The sequence decoder had a GRU backbone, cross-attention layers, scheduled sampling, a pointer mechanism, teacher forcing, and beam search over token sequences. The next-hop policy has an MLP and an adjacency mask. The encoder is the same (improved with weight tying). Beam search moved from token-level to rollout-level.
The fundamental change was the question being asked. "What is the complete route?" is a sequence prediction problem with compounding error. "What is the next hop?" is a classification problem with independent predictions. The entire apparatus of autoregressive decoding — hidden states, scheduled sampling, diversity preservation — existed to manage compounding error. Remove compounding error and you remove the need to manage it.

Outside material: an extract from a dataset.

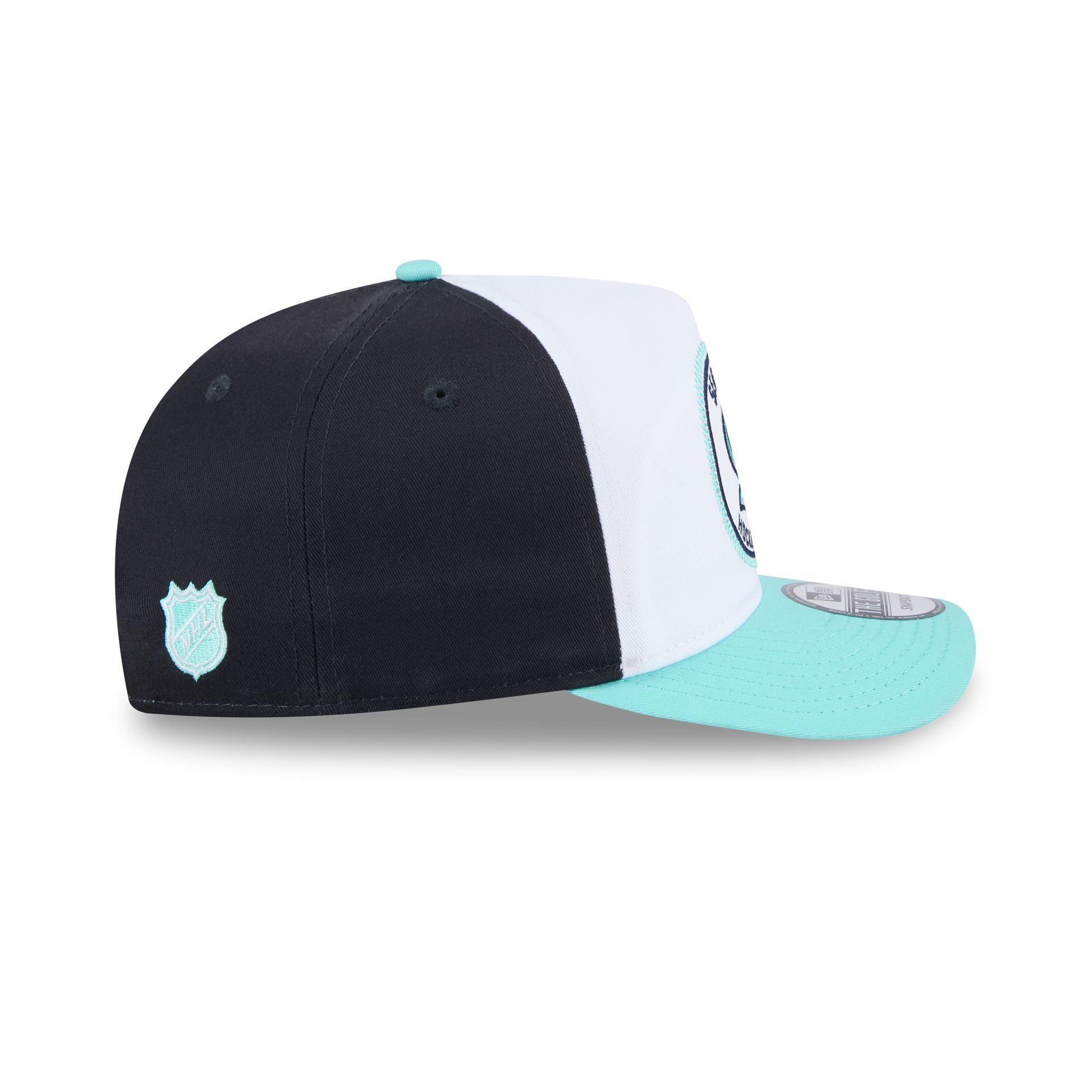 The Seattle Kraken NHL Pack Golfer features a Kraken Hockey Club patch at the front panel with a matching NHL Shield at the right of a snapback closure at the rear and a gray undervisor.

The DNC parallel from part 7 is worth revisiting. The Differentiable Neural Computer used an LSTM controller with external memory to navigate the London Underground — a recurrent model querying structured memory at each step. The next-hop policy uses a GATv2 encoder with an MLP decoder — a graph neural network querying its own node embeddings at each step. The recurrent controller is gone. The write head is gone. The read head (cross-attention) is implicit in the encoder's message passing rather than explicit in the decoder. What remains is the core insight: route the decision through the graph structure, not through a sequential bottleneck.
On the same 272-station graph, in 13 minutes of training, with 100% success and 4% travel time overhead against the mathematically optimal shortest path.